Syntax Error
Syntax Error

Reputation: 1640

How to get MIME encoded base64 string back to writeable byte array?

I have a number of files (PDF, doc, docx, jpg, etc) in a database, which were added using the following method:

Attachments are sent to the database as MIME-encoded (base64-encoded) strings. The component then converts this MIME-encoded string (in unicode) to a byte stream before writing it to the database as a BLOB (Oracle) or Image (SQL Server).

There is also a 'guid' appended to the start of the string, which is 76 chars.

I'm trying to extract and save the attachments to a file on disk rather than in the database. It works about 20% of the time. The remainder of the time I get System.FormatException: Invalid character in a Base-64 string. when passing my string into FromBase64String.

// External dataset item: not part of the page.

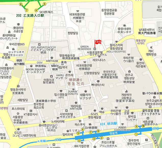 • 地下鉄 : 空港鉄道A`REXに乗車し、弘大駅で2号線に乗り換え号線乙支路入口(Euljiro1(il)-ga)駅下車5番出口から徒歩約7分。

I have noticed that values in the database that start like the below, save successfully:

0x7B00350030003100460032003300350046002D00370

The ones which fail always start like this:

0x7B35303146323335462D373546302D343936342D394

I haven't got enough characters here to paste a full example, so see this pastebin for an example of one that does not work. It should represent a Word document that says "Test document only". This one is the same document but converted to PDF.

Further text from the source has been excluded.